When ListWriterAssert.assertTraces was used previously, if there were instrumentation errors that led to traces not being properly generated, tests will often fail due to failed assertions (missing spans, incorrect tags, etc.) and the developer might spend significant time chasing down the cause of the assertion failures to learn it was an instrumentation error. With these changes, if the cause was an underlying instrumentation error, ListWriterAssert.assertTraces will fail fast for the first two use cases above and clearly indicate there was an instrumentation error.

These changes will not only help our human developers by giving better context when there are failures, but also when using AI coding assistants.

Additional Notes

One possible improvement: The fail fast change could easily apply to all of the use cases above including the last use case if InstrumentationSpecification's AgentBuilder.Listener.onError recorded the error to InstrumentationErrors.

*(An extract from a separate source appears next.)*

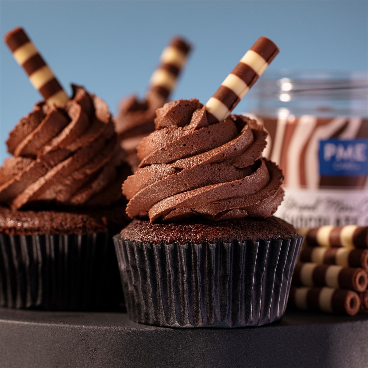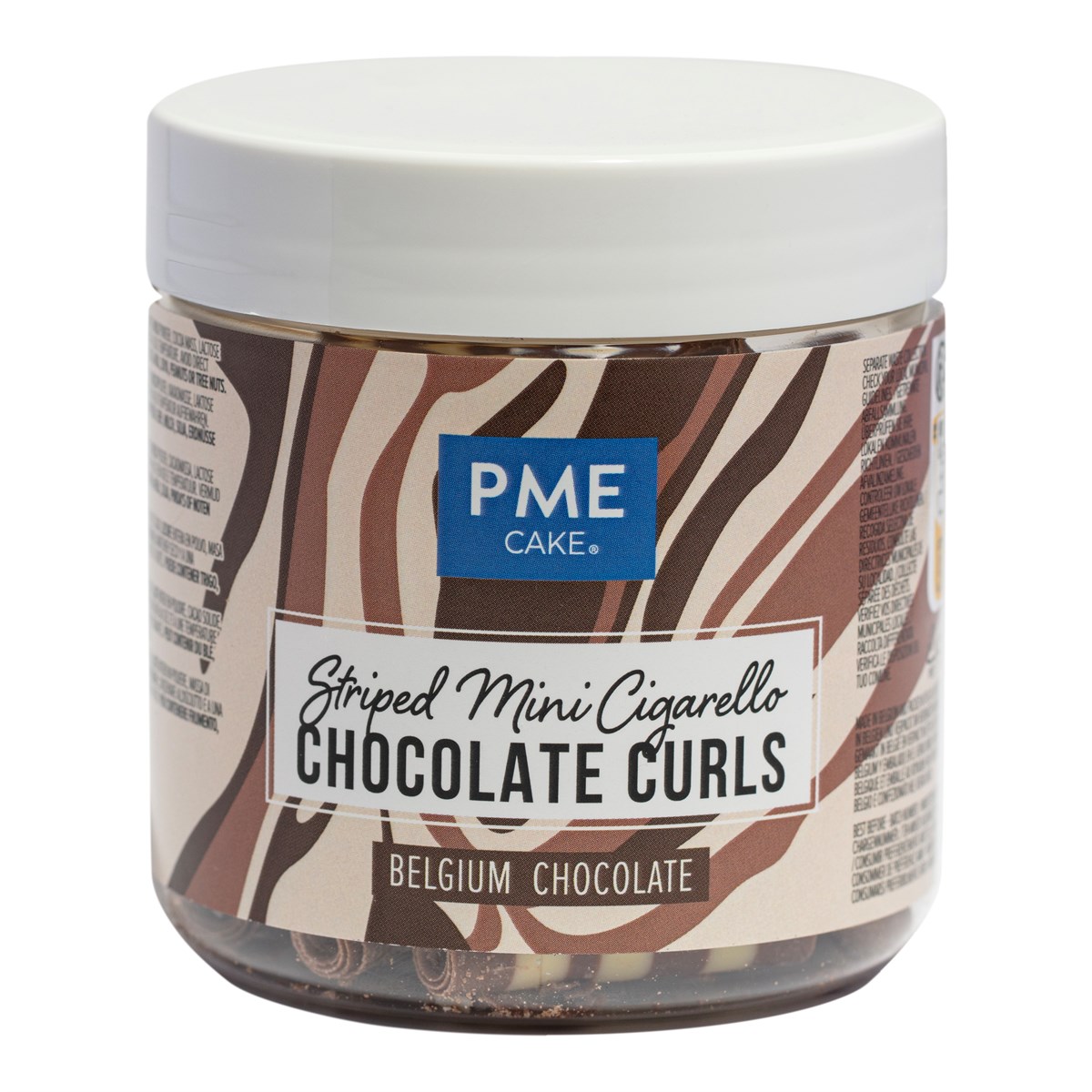 Tilføj et elegant og lækkert touch til dine desserter med disse smagfulde Belgiske chokoladekrøller fra PME. De fine, stribede cigarellos er perfekte som pynt på cupcakes, kager, desserter og meget mere – drys dem over is, varm kakao eller en latte for en smuk og delikat finish.

Best reviewed commit-by-commit:

Example output

InstrumentationErrors and InstrumentationContext exception

I commented-out the contextStore method on HikariPoolInstrumentation.

Condition not satisfied:

instrumentationErrorCount == 0
|                         |
1                         false

1 instrumentation errors were seen:
java.lang.RuntimeException: Calls to this method will be rewritten by Instrumentation Context Provider (e.g. FieldBackedProvider). If you get this exception, this method has not been rewritten. Ensure instrumentation class has a contextStore method and the call to InstrumentationContext.get happens directly in an instrumentation Advice class. See how_instrumentations_work.md for details.
	at datadog.trace.bootstrap.InstrumentationContext.get(InstrumentationContext.java:26)
	at com.zaxxer.hikari.pool.HikariPool.<init>(HikariPool.java:151)
	at com.zaxxer.hikari.HikariDataSource.<init>(HikariDataSource.java:73)
	at sun.reflect.NativeConstructorAccessorImpl.newInstance0(Native Method)
	at sun.reflect.NativeConstructorAccessorImpl.newInstance(NativeConstructorAccessorImpl.java:62)
	at sun.reflect.DelegatingConstructorAccessorImpl.newInstance(DelegatingConstructorAccessorImpl.java:45)
	at java.lang.reflect.Constructor.newInstance(Constructor.java:423)
	at org.codehaus.groovy.reflection.CachedConstructor.invoke(CachedConstructor.java:72)

Contributor Checklist

Jira ticket: [PROJ-IDENT]

@deejgregor deejgregor requested a review from a team as a code owner November 16, 2025 07:36
@deejgregor deejgregor requested a review from smola November 16, 2025 07:36

public class InstrumentationErrors {
private static final AtomicLong COUNTER = new AtomicLong();
private static final List<String> ERRORS = Collections.synchronizedList(new ArrayList<>());

@AlexeyKuznetsov-DD AlexeyKuznetsov-DD Nov 17, 2025

Copy link
Copy Markdown
Contributor

Choose a reason for hiding this comment

The reason will be displayed to describe this comment to others. Learn more.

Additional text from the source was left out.